[Collected data]
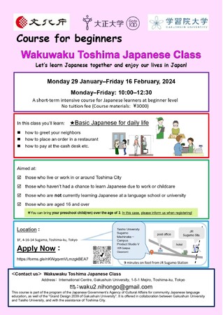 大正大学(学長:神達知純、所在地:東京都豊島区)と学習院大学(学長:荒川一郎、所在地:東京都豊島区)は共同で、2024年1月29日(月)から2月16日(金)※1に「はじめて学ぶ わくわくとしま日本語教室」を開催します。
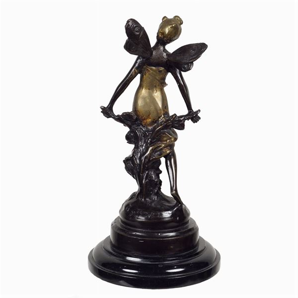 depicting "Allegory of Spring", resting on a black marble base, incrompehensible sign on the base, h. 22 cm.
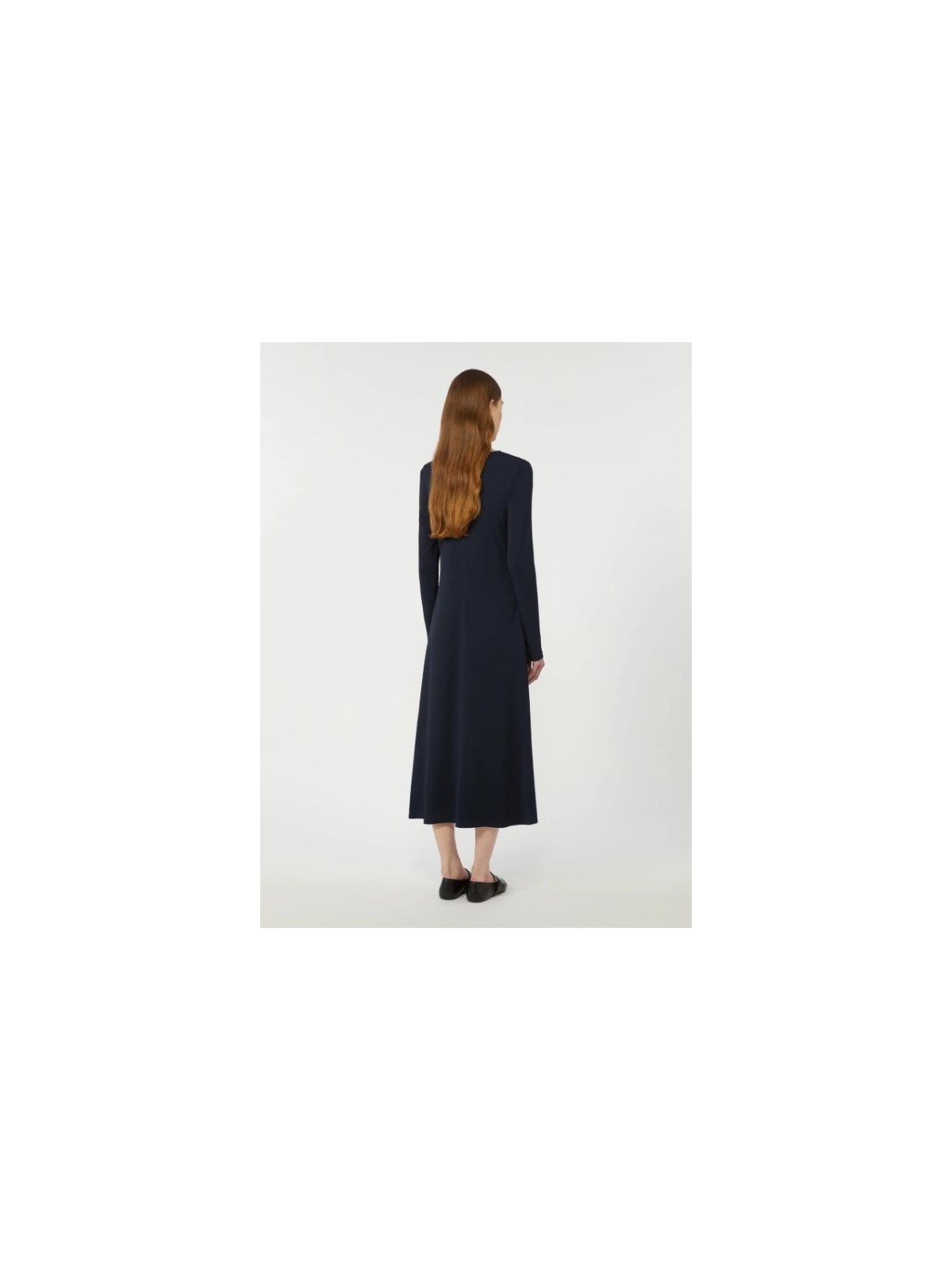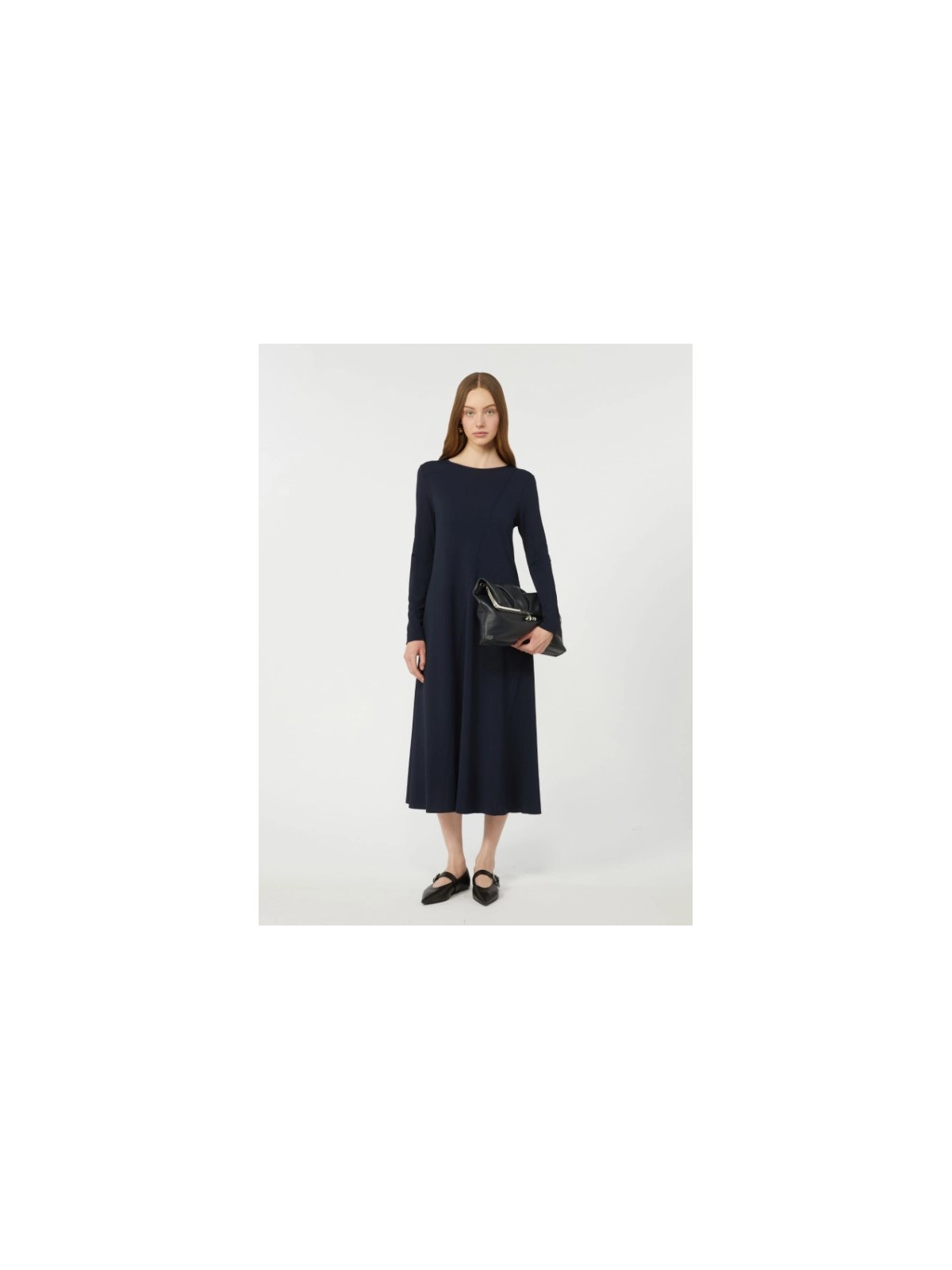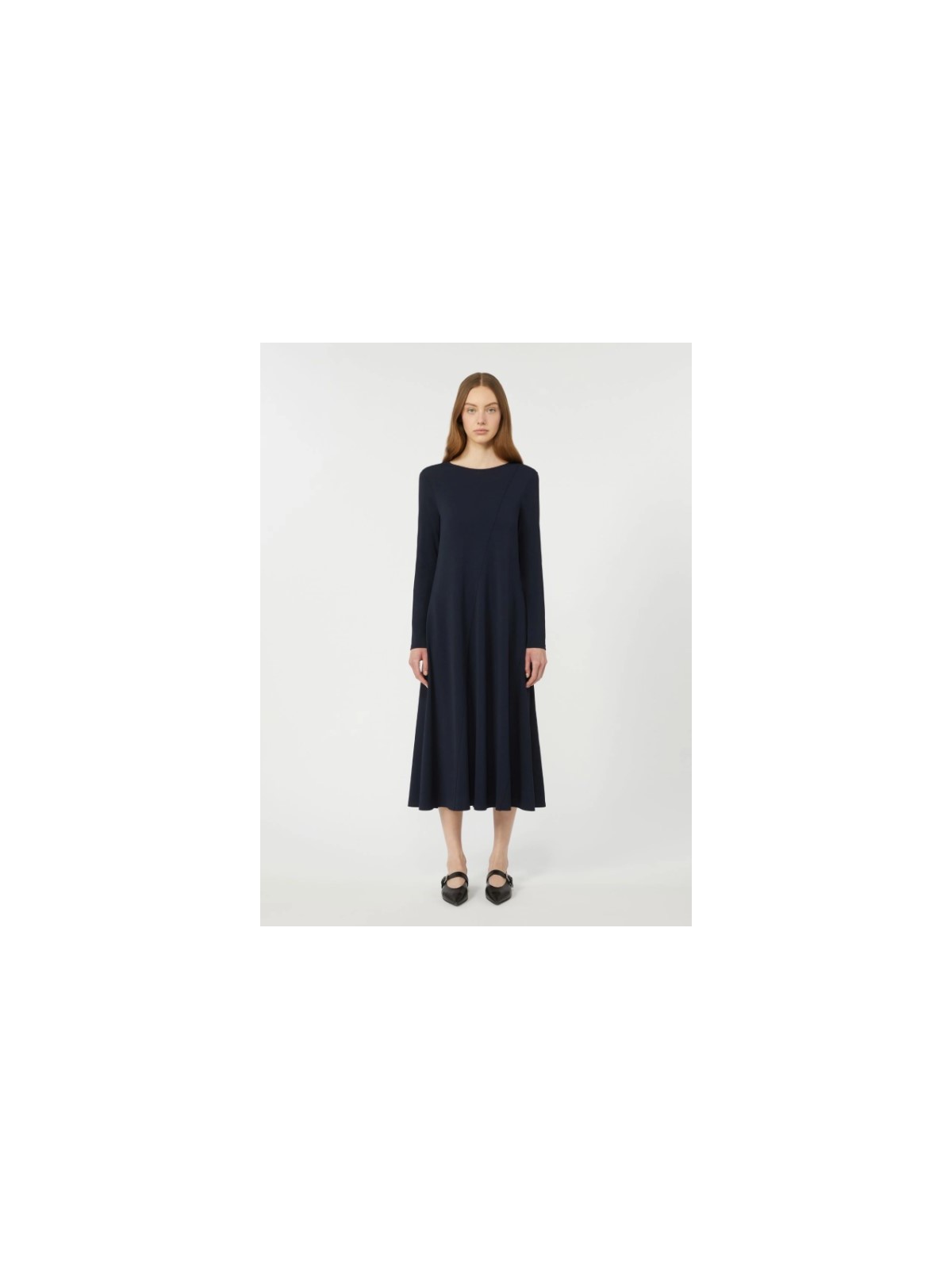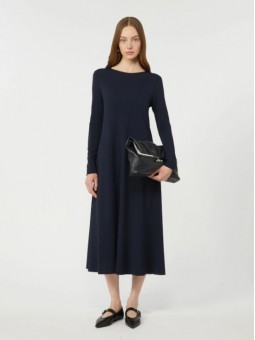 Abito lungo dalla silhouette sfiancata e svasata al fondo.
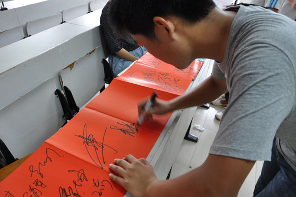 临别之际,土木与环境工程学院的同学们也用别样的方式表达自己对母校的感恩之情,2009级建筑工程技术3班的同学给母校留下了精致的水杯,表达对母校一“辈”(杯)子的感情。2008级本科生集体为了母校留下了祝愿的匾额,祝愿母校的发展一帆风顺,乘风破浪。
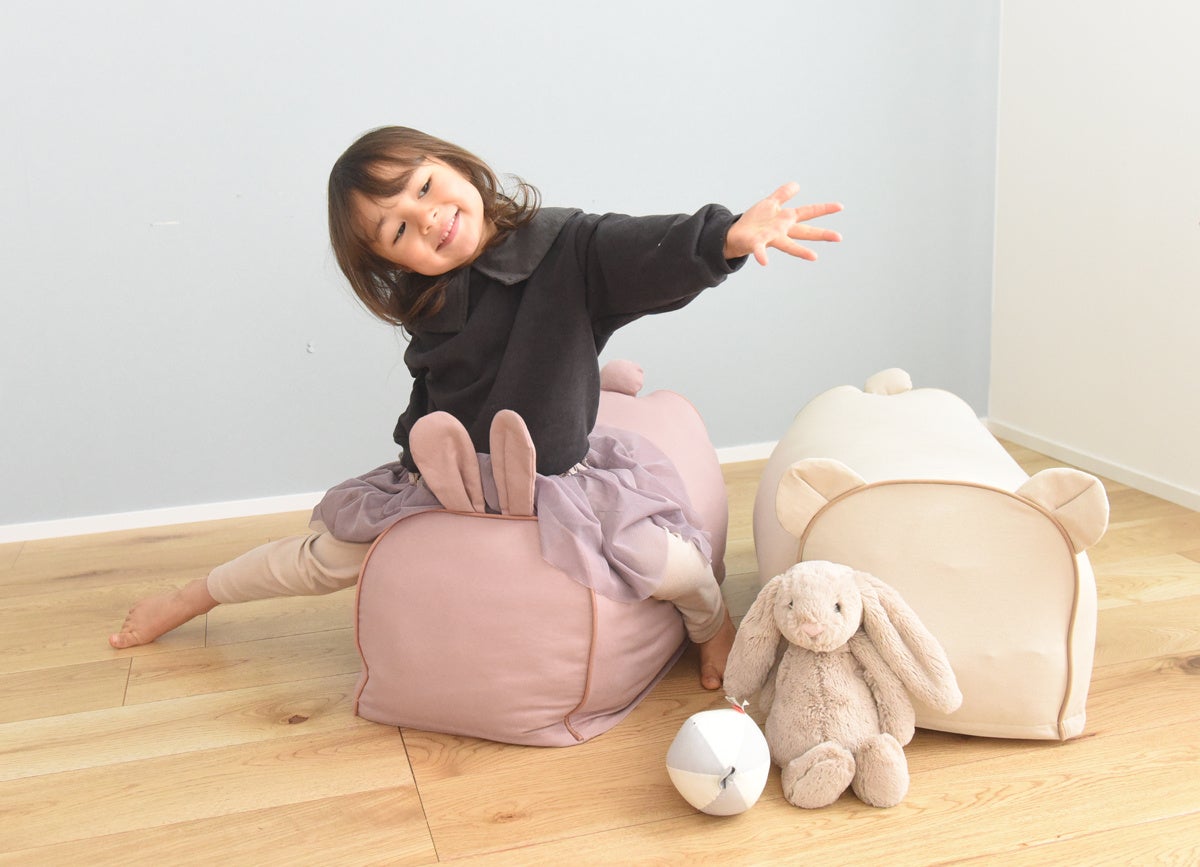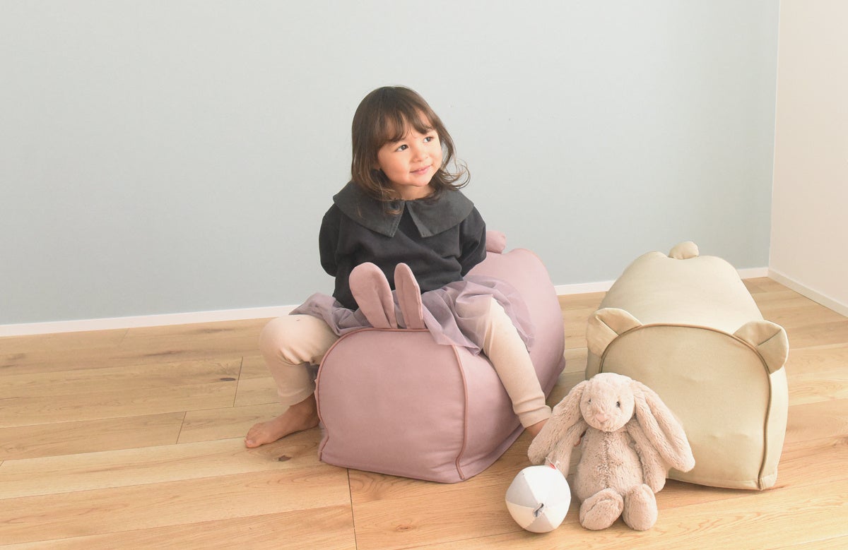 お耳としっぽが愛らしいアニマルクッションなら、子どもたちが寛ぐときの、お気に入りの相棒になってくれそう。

[Try it]: In the data above, find the line containing "临别之际,土木与环境工程学院"; from there, please write out each line through the end, exactly, with the pictures omitted.

[Solved problem]:
 临别之际,土木与环境工程学院的同学们也用别样的方式表达自己对母校的感恩之情,2009级建筑工程技术3班的同学给母校留下了精致的水杯,表达对母校一“辈”(杯)子的感情。2008级本科生集体为了母校留下了祝愿的匾额,祝愿母校的发展一帆风顺,乘风破浪。
 お耳としっぽが愛らしいアニマルクッションなら、子どもたちが寛ぐときの、お気に入りの相棒になってくれそう。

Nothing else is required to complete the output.